Provided information ::
┏━━
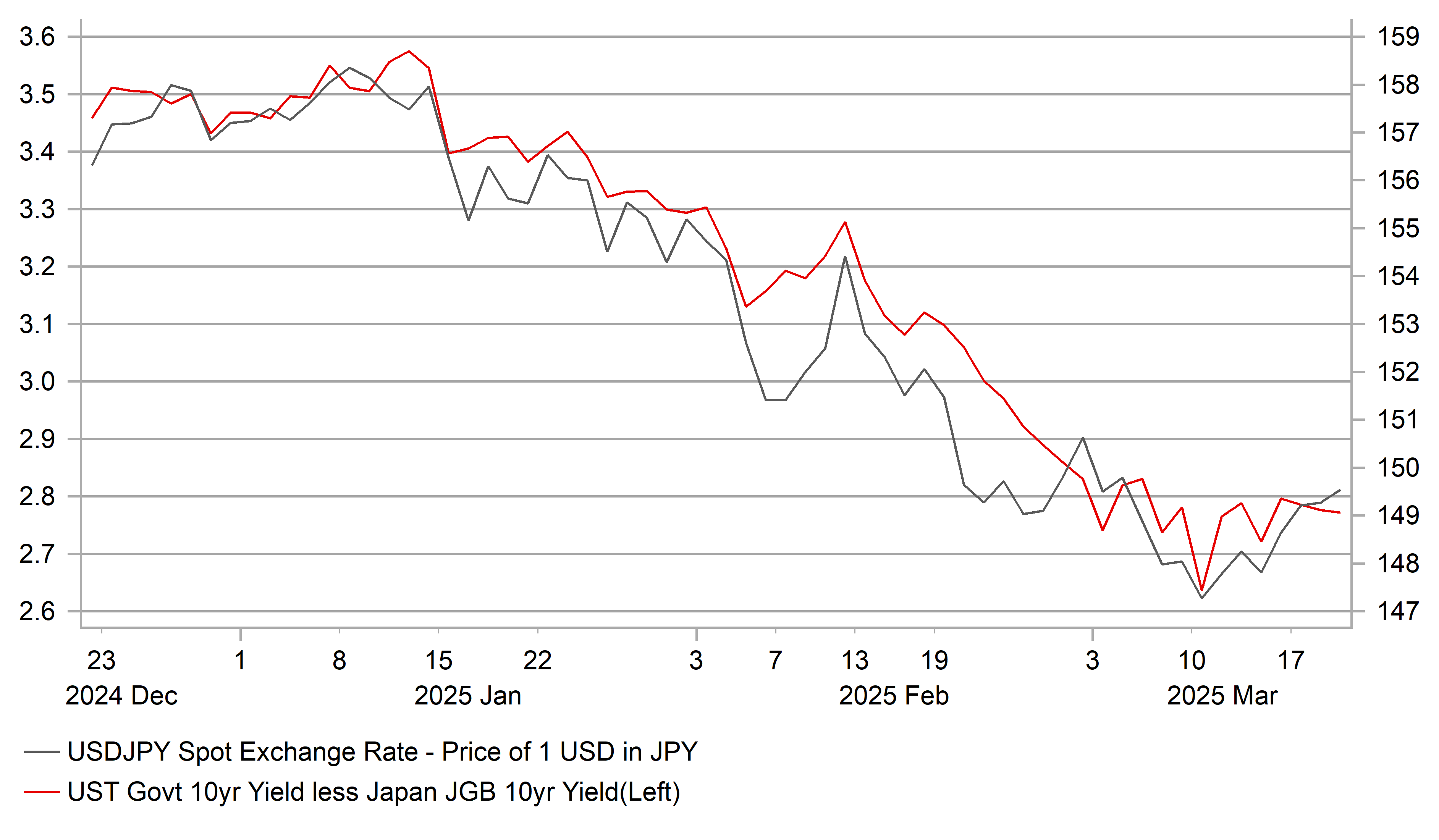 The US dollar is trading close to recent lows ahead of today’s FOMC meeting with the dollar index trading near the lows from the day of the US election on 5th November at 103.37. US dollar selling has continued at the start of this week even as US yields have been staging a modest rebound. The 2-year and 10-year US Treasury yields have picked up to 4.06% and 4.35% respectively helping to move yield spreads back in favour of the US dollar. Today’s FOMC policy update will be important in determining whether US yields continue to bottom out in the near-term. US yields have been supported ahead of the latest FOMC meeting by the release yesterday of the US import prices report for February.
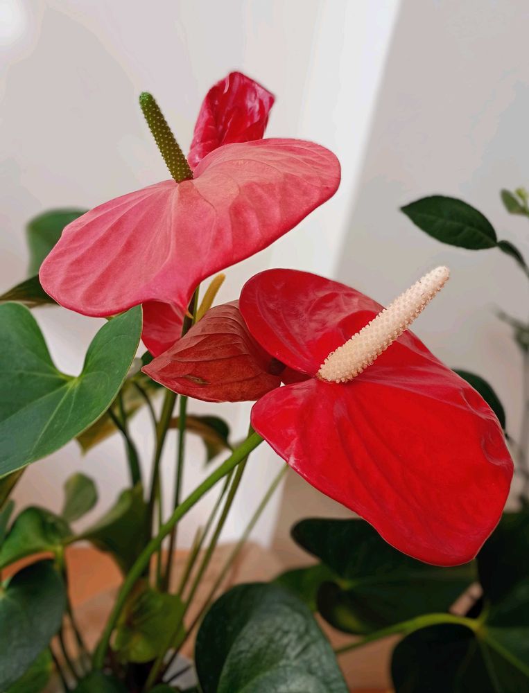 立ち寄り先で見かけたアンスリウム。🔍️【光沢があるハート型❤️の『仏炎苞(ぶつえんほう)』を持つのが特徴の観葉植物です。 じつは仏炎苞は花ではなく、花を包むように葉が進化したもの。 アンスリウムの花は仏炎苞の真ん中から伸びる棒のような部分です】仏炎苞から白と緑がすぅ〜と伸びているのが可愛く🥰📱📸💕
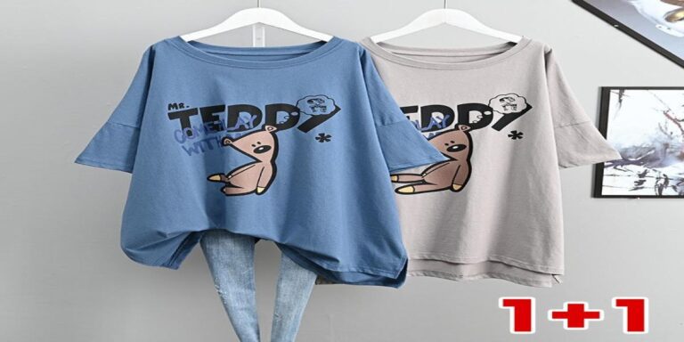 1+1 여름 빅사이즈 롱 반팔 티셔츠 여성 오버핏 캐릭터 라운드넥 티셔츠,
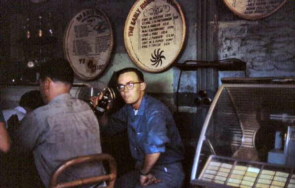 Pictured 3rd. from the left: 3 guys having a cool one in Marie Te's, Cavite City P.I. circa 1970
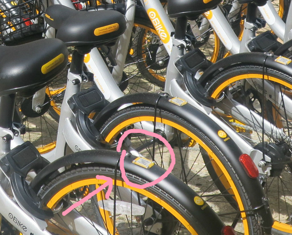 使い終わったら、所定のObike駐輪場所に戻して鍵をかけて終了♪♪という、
┗━━
Task requirements :: Reproduce the whole listing exactly, but not the images in it.

Answer space ::
 The US dollar is trading close to recent lows ahead of today’s FOMC meeting with the dollar index trading near the lows from the day of the US election on 5th November at 103.37. US dollar selling has continued at the start of this week even as US yields have been staging a modest rebound. The 2-year and 10-year US Treasury yields have picked up to 4.06% and 4.35% respectively helping to move yield spreads back in favour of the US dollar. Today’s FOMC policy update will be important in determining whether US yields continue to bottom out in the near-term. US yields have been supported ahead of the latest FOMC meeting by the release yesterday of the US import prices report for February.
 立ち寄り先で見かけたアンスリウム。🔍️【光沢があるハート型❤️の『仏炎苞(ぶつえんほう)』を持つのが特徴の観葉植物です。 じつは仏炎苞は花ではなく、花を包むように葉が進化したもの。 アンスリウムの花は仏炎苞の真ん中から伸びる棒のような部分です】仏炎苞から白と緑がすぅ〜と伸びているのが可愛く🥰📱📸💕
 1+1 여름 빅사이즈 롱 반팔 티셔츠 여성 오버핏 캐릭터 라운드넥 티셔츠,
 Pictured 3rd. from the left: 3 guys having a cool one in Marie Te's, Cavite City P.I. circa 1970
 使い終わったら、所定のObike駐輪場所に戻して鍵をかけて終了♪♪という、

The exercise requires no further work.